Recorded information:
+++

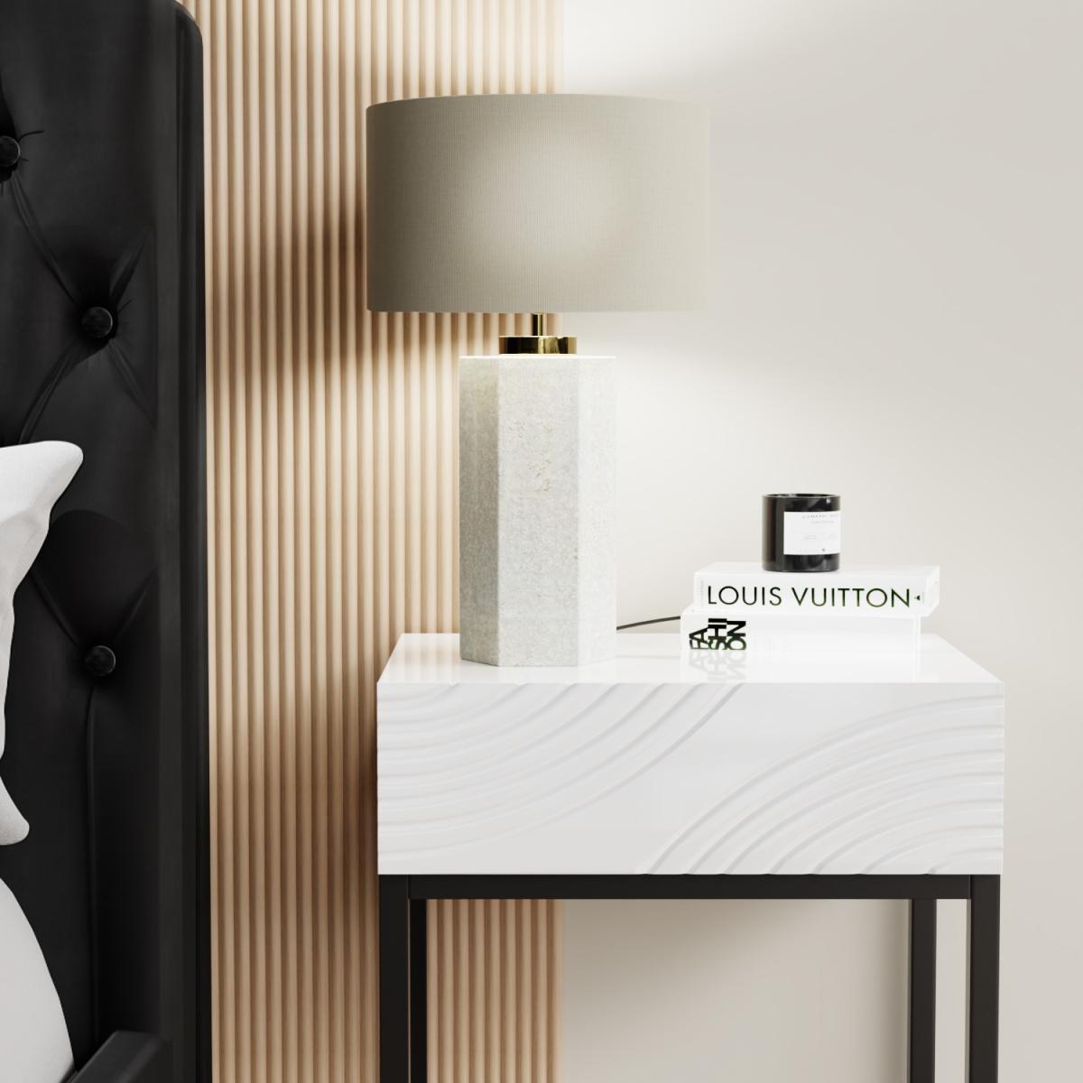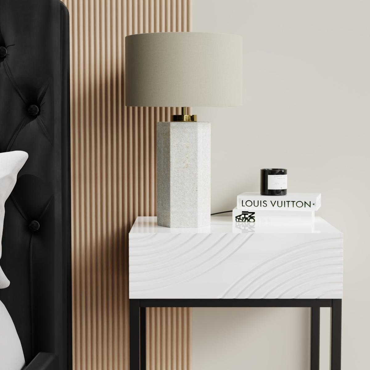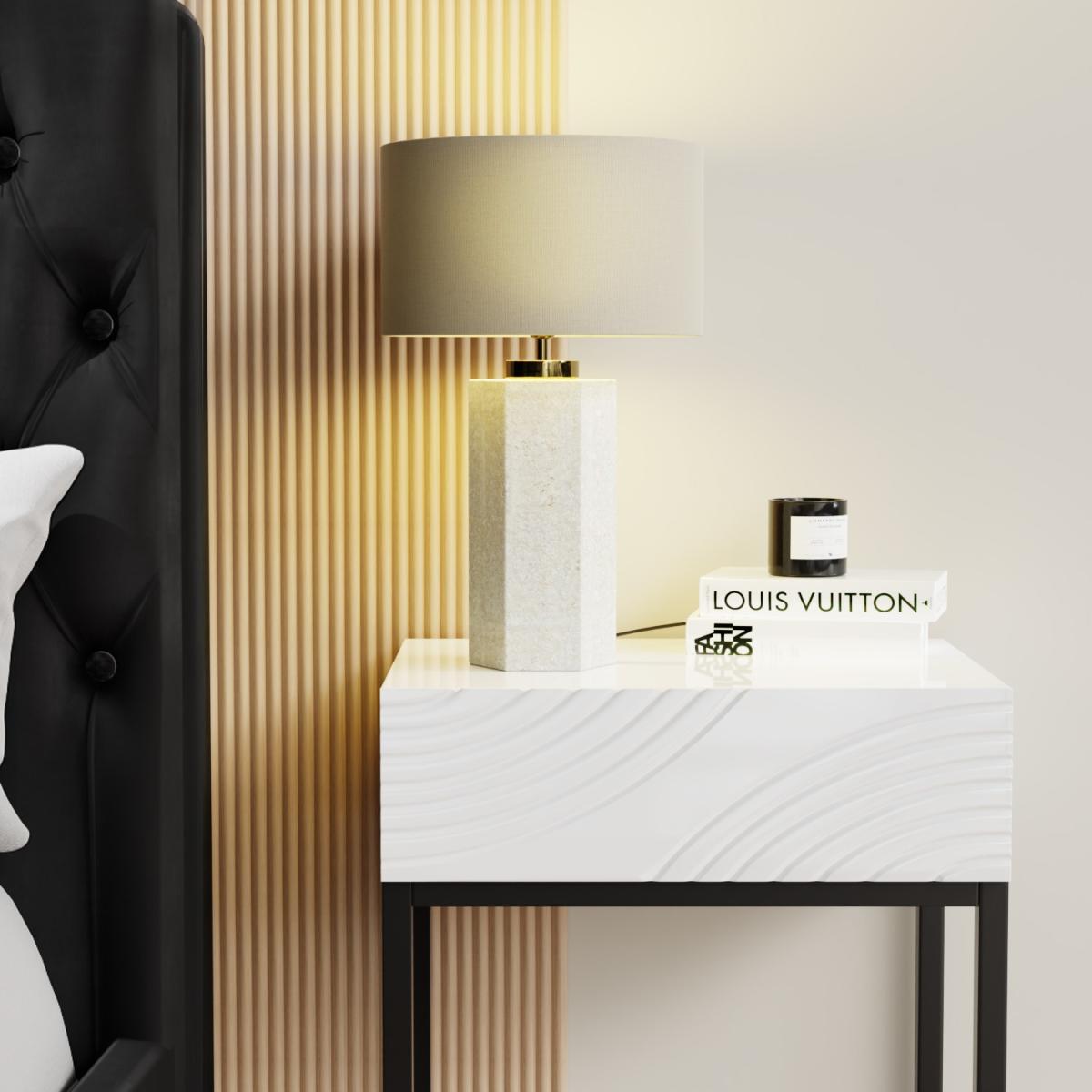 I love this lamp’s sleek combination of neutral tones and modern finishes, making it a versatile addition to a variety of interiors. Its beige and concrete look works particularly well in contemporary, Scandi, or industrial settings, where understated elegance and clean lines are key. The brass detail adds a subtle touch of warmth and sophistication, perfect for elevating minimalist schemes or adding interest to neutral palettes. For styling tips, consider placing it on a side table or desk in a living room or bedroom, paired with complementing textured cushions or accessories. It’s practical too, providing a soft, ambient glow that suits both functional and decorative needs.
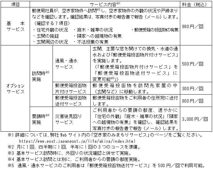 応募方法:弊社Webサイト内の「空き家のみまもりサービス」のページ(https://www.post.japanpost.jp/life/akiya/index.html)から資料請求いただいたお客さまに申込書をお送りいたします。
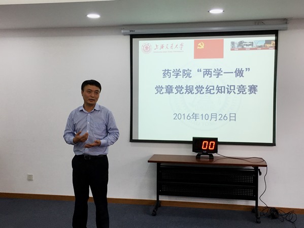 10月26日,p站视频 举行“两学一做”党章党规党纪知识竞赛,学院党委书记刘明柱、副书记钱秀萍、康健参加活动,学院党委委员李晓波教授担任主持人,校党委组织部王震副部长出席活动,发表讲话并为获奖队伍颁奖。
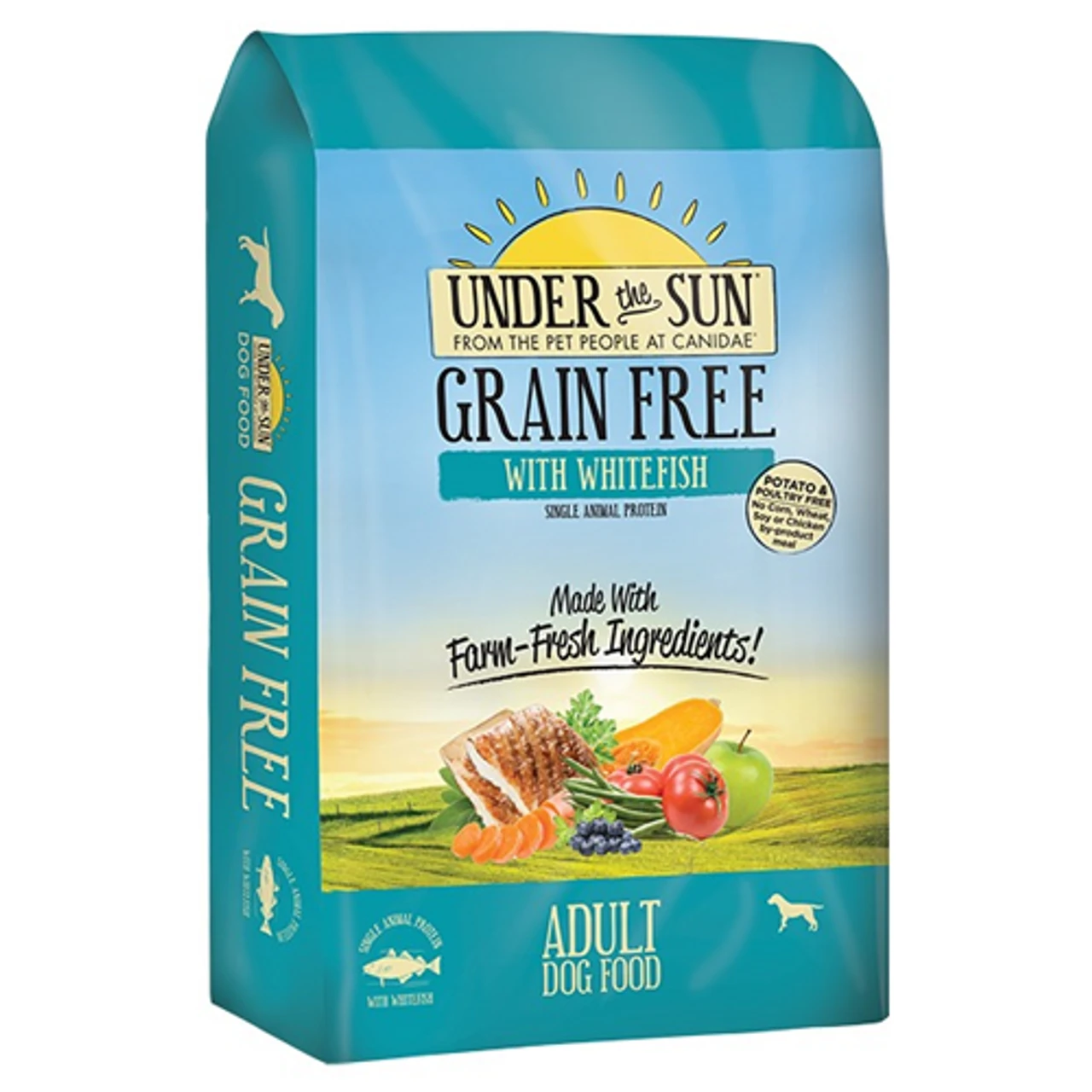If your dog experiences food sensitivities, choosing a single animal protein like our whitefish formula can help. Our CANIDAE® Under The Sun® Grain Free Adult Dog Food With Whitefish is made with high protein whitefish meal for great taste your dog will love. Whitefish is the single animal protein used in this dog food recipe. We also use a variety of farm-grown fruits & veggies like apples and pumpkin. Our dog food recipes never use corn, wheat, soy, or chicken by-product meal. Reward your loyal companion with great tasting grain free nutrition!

+++

Work request:
Leaving out the pictures, restate each line of the listing above verbatim, from the opening line to the line bearing "10月26日,p站视频 举行", inclusive, and no more.

Output:
 I love this lamp’s sleek combination of neutral tones and modern finishes, making it a versatile addition to a variety of interiors. Its beige and concrete look works particularly well in contemporary, Scandi, or industrial settings, where understated elegance and clean lines are key. The brass detail adds a subtle touch of warmth and sophistication, perfect for elevating minimalist schemes or adding interest to neutral palettes. For styling tips, consider placing it on a side table or desk in a living room or bedroom, paired with complementing textured cushions or accessories. It’s practical too, providing a soft, ambient glow that suits both functional and decorative needs.
 応募方法:弊社Webサイト内の「空き家のみまもりサービス」のページ(https://www.post.japanpost.jp/life/akiya/index.html)から資料請求いただいたお客さまに申込書をお送りいたします。
 10月26日,p站视频 举行“两学一做”党章党规党纪知识竞赛,学院党委书记刘明柱、副书记钱秀萍、康健参加活动,学院党委委员李晓波教授担任主持人,校党委组织部王震副部长出席活动,发表讲话并为获奖队伍颁奖。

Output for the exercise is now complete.